Wysokie koszty utrzymania, inflacja, a przy tym chęć łatwego zarobku – to skłania do nadużyć. Przez nie pieniądze tracą przedsiębiorcy, zwykli ludzie i budżet państwa. W tym roku stwierdzono 223 tys. przestępstw gospodarczych, co oznacza, że było ich o ponad 40 tys. więcej niż w tym samym okresie roku ubiegłego – wskazują dane Komendy Głównej Policji, które poznała „Rzeczpospolita”.
Kryje się za tym cała gama nadużyć – od nielegalnej produkcji papierosów, oszustw na VAT i akcyzie, przez naciąganie w transakcjach biznesowych, wyłudzenia unijnych dotacji, aż po plagę przestępstw za pośrednictwem sieci, gdzie oferuje się na kupno nieistniejących artykułów. Dochodzą nowe patologie.
– Nasiliły się oszustwa na kryptowalutach oraz internetowe na platformach sprzedażowych – mówi nam Mariusz Ciarka, rzecznik KGP. – Fałszywy obrót towarem i wyłudzanie podatku VAT – z tym najczęściej mamy do czynienia – dodaje Aleksandra Nowara z KWP w Katowicach.

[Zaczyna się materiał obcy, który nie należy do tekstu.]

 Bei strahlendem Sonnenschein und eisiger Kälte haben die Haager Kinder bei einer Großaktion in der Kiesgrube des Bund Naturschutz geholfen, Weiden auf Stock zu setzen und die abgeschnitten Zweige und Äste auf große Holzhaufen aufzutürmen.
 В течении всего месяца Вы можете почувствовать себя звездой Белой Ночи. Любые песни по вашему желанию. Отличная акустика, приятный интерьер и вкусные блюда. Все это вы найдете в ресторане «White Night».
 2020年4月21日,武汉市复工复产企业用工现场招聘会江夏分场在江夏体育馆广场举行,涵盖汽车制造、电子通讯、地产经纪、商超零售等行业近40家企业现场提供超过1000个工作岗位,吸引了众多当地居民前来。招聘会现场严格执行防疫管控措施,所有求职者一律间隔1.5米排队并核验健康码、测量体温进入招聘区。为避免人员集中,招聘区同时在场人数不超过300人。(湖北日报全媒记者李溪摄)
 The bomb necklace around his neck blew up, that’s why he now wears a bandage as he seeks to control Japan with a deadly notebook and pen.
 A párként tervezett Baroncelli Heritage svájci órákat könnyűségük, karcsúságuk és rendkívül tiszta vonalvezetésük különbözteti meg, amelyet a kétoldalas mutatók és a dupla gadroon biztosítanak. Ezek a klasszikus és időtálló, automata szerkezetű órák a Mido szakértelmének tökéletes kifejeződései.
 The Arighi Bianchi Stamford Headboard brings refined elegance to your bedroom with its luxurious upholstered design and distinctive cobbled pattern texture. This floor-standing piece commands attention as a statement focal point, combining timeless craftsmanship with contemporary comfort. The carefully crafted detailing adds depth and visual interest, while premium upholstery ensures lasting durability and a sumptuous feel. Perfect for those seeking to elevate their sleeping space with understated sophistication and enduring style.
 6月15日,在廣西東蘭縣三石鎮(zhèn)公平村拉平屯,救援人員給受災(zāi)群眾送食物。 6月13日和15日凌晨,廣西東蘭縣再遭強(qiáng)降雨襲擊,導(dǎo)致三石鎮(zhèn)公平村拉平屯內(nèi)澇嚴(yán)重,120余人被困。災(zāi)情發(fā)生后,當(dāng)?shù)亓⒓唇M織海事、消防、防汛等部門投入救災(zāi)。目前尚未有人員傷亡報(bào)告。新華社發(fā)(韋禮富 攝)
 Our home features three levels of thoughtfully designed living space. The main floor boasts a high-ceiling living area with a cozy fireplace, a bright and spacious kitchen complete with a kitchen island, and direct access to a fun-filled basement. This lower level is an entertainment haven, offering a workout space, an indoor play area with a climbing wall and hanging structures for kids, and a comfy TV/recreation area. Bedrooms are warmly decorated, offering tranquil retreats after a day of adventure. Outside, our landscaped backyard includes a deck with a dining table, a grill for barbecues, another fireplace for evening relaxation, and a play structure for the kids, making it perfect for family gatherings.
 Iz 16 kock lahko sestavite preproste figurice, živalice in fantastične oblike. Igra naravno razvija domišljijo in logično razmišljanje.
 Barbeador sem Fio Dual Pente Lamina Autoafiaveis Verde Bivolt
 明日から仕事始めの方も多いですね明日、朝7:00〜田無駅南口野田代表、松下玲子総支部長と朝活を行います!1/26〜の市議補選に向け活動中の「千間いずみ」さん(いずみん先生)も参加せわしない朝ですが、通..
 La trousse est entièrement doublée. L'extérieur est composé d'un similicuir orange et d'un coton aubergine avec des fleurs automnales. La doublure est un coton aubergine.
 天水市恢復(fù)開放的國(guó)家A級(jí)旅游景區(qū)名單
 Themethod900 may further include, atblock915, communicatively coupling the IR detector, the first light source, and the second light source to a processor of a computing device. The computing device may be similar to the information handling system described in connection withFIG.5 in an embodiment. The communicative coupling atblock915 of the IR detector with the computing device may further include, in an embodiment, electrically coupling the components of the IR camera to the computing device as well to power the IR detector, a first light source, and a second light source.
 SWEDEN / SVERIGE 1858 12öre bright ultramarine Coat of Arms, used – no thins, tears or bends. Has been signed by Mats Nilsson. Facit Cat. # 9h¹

W woj. śląskim przestępstwa „białych kołnierzyków” wzrosły z 34 tys. do 69 tys. W woj. kujawsko-pomorskim – o 180 proc., choć tu liczby są niższe, bo dokumentują wzrost z 7,5 tys. do 13,7 tys. Z kolei w woj. małopolskim podskoczyły z 6,1 tys. do blisko 9 tys. O tysiąc więcej było ich w Warszawie.